Fortnite and Biblical Worldview for Students

J.C. Thompson is married to Kristen and has a son named Cannon and a dog named Rico Suave. He’s the High School Pastor at Brookwood Church in Simpsonville, SC. He’s been working at Brookwood since 2008. J.C’s blog, jcisonline.com, is an excellent resource for youth and preteen ministry. 

J.C. Thompson, Guest Post

The world we are living in is a crazy, crazy place. How can we equip our students to analyze it and ultimately share Christ and contribute to the redemption of the world?

First, for those of you reading this thinking that teaching students a biblical worldview is too academic for me as a student pastor, let’s talk.

What is a worldview?

Simply put, it’s a way of viewing the world. I like to think of it more as a lens in which we see the world.

Let me say a word:

Baseball.

What came to mind? That’s a small portion of a worldview. It’s association with the mind, the heart, and the will.

How about this one?

Fortnite.

All kinds of thoughts and feeling enter your mind as you think about it.

We all have one. It may not be consistent with what we would communicate it is, but it is there nonetheless. We make decisions everyday based on how we view the world.
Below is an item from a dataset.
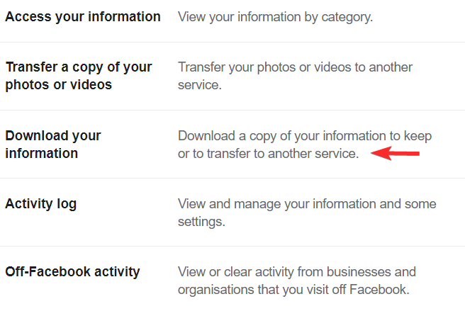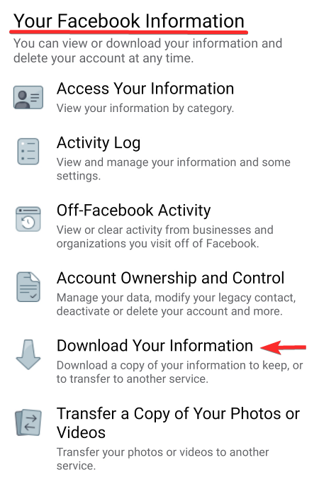Facebook allows you to back-up some of your account’s data at any point in time. You can do this both from the app as well as the website.

In student ministry, helping students see how the decisions they make tie into what they believe about God, themselves and the world is crucial. We must help them see situations and choices tie into what they believe about the world. It’s much easier to do this in student ministry rather than children’s ministry because they are making more “controversial” decisions as teenagers than children.

Having sex with their boyfriend and creating a fake social media profile to view inappropriate materials aren’t momentary lapses, they are based on how we view the world and ultimately God and the gospel.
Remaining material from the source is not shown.